When users can edit data offline, conflicts are guaranteed.

❌ BAD: blindly overwrite local with server payload

// BAD: server data fully replaces local rows.
// Local unsynced edits may be lost.
 
suspend fun naiveSyncTask(taskId: String) {
    val remote = api.getTask(taskId)
 
    // BAD: no check for local pending changes.
    // BAD: no versioning or timestamp comparison.
    dao.insert(remote.toEntity())
}

This creates “Where did my change go?” moments.

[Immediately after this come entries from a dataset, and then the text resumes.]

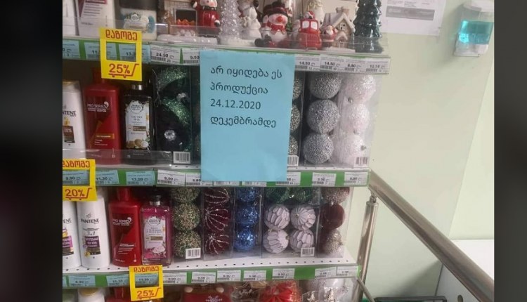 სოციალურ ქსელში ვრცელდება ფოტო, სადაც ჩანს წარწერა იმის შესახებ, რომ “სუფთა სახლში” საახალწლო პროდუქციის გაყიდვა 24 დეკემბრამდე აიკრძალა.
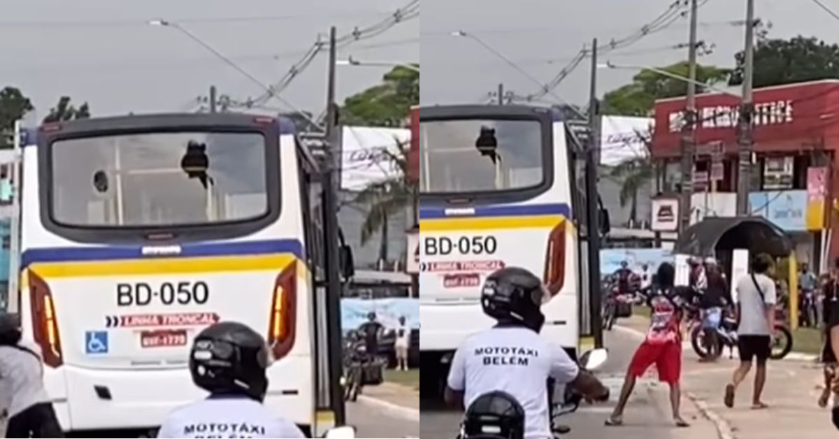 Segundo informações compartilhadas por internautas, o apedrejamento começou após o coletivo passar por cima da bicicleta de um jovem que usava o meio de locomoção para fazer entregas.
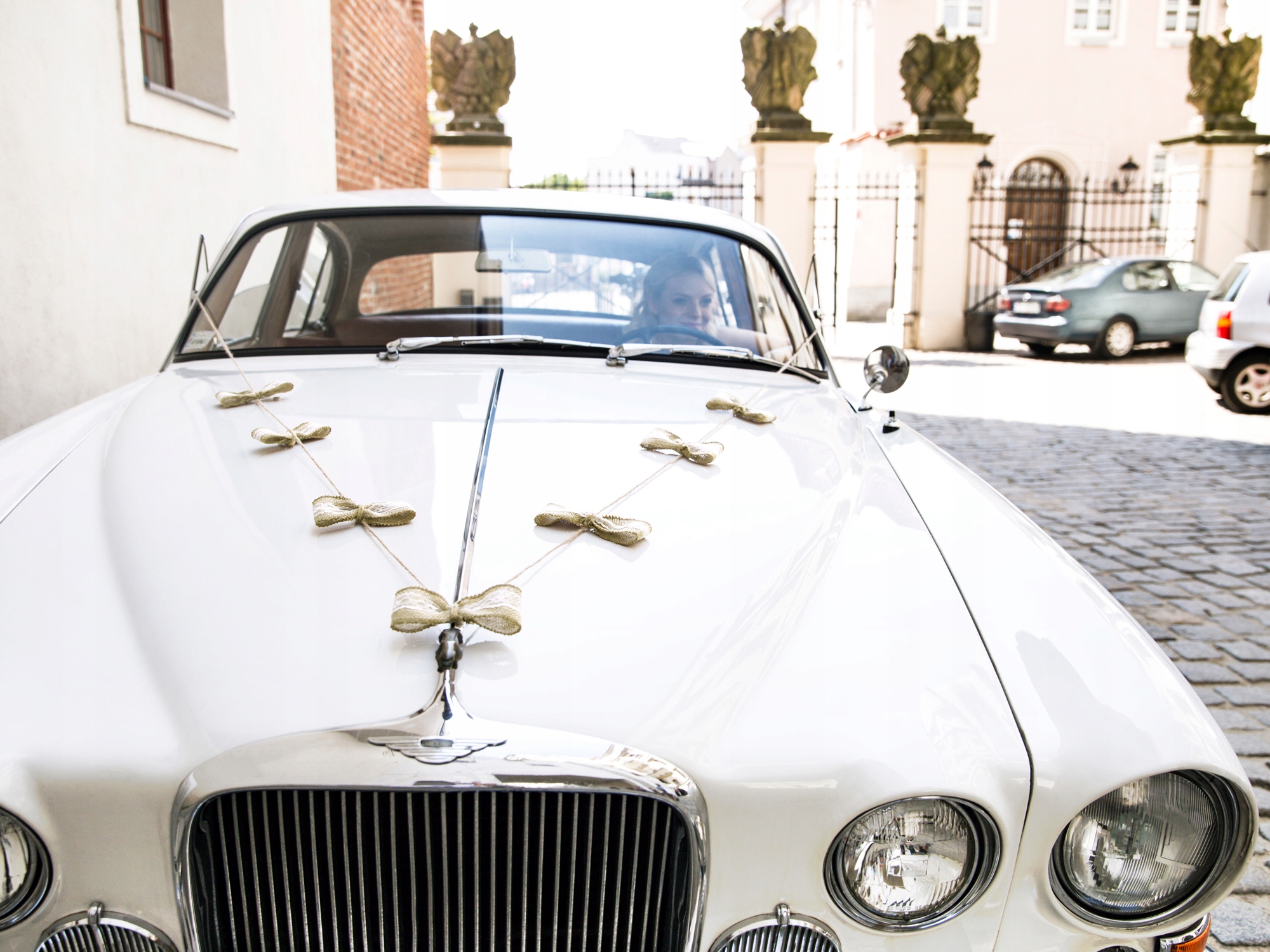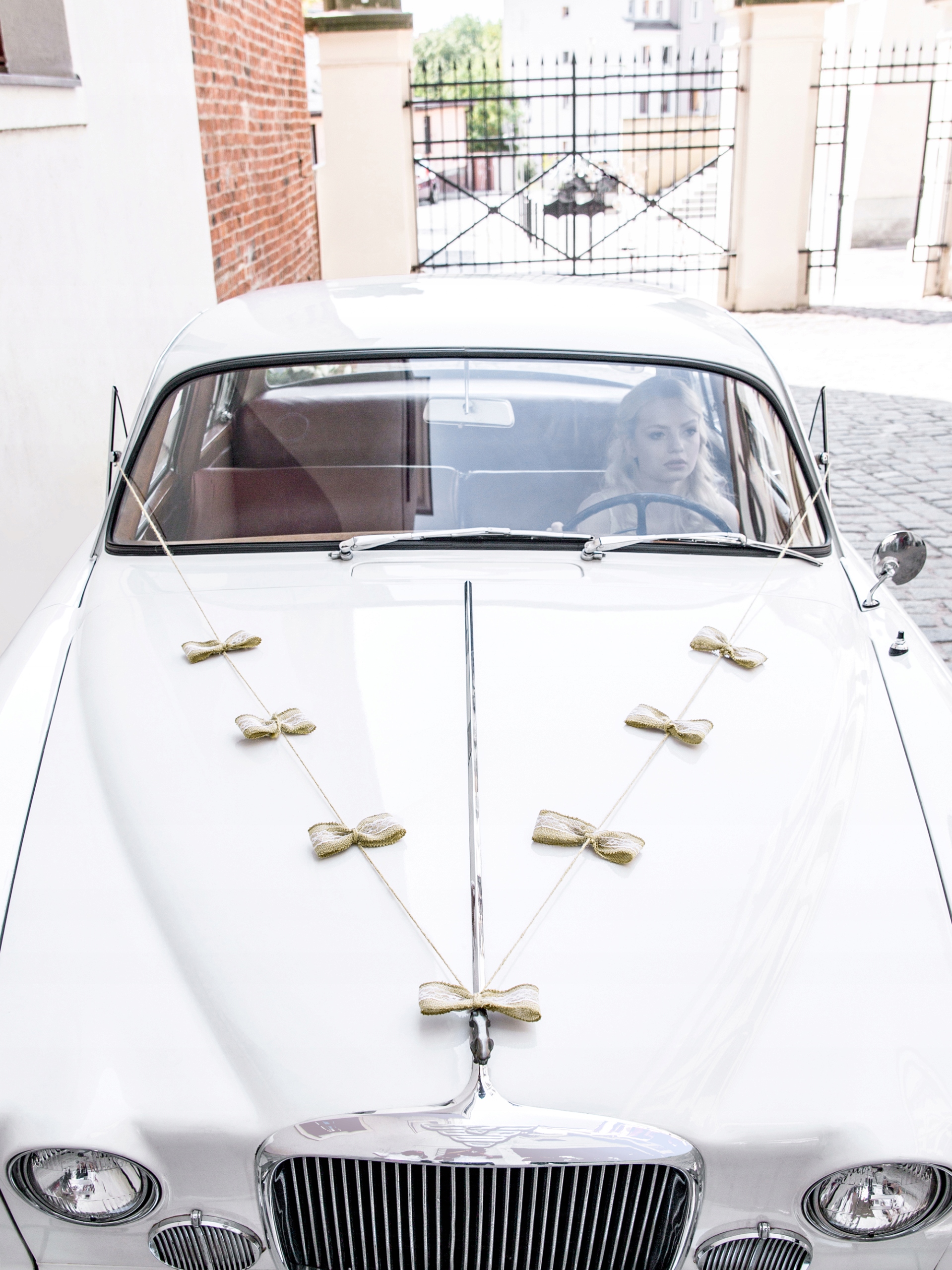 - гирлянда из 7 джутовых бантов с кружевом (ширина ок. 15 см) и джутовой веревкой , бантики завязаны на веревочке, чтобы их можно было свободно перемещать и менять промежутки между ними, чтобы гирлянда подошла к конкретному автомобилю (длина около 6 м)

✅ GOOD: explicit conflict metadata + deterministic resolver

// GOOD: Store metadata needed for conflict resolution.
// pendingSync=true means local edit has not been accepted by server yet.
 
@Entity(tableName = "tasks")
data class TaskEntity(
    @PrimaryKey val id: String,
    val title: String,
    val completed: Boolean,
    val updatedAtEpochMs: Long,
    val pendingSync: Boolean,
    val version: Long
)
// GOOD: Resolve conflict with clear business rule.
// Example policy:
// 1) If local has pending sync, keep local and queue upload.
// 2) Otherwise prefer the newest update timestamp.
 
fun resolveTask(local: TaskEntity?, remote: TaskDto): TaskEntity {
    val remoteEntity = remote.toEntity()
 
    if (local == null) return remoteEntity.copy(pendingSync = false)
 
    if (local.pendingSync) {
        // Keep local unsynced edit; avoid accidental overwrite.
        return local
    }
 
    return if (remoteEntity.updatedAtEpochMs >= local.updatedAtEpochMs) {
        remoteEntity.copy(pendingSync = false)
    } else {
        local
    }
}
// GOOD: Sync loop applies resolver row-by-row.
 
suspend fun syncTasks() {
    val remoteTasks = api.getTasks()
 
    remoteTasks.forEach { remote ->
        val local = dao.findById(remote.id)
        val resolved = resolveTask(local, remote)
        dao.upsert(resolved)
    }
 
    // Then upload local pending edits in a second phase.
    val pending = dao.pendingSyncTasks()
    pending.forEach { localTask ->
        api.updateTask(localTask.toDto())
        dao.markSynced(localTask.id)
    }
}

4) Practical implementation checklist

  • Add pendingSync, updatedAt, and optionally version columns
  • Use WorkManager for retryable background sync
  • Keep API errors out of rendering path (UI reads local DB)
  • Define one conflict policy per entity and document it
  • Add tests for sync + conflict rules (most bugs live here)

Key Takeaway: Offline-first is not “cache plus hope.” Make Room your UI source of truth, sync in background, and define deterministic conflict rules. Predictability beats cleverness when users edit data offline.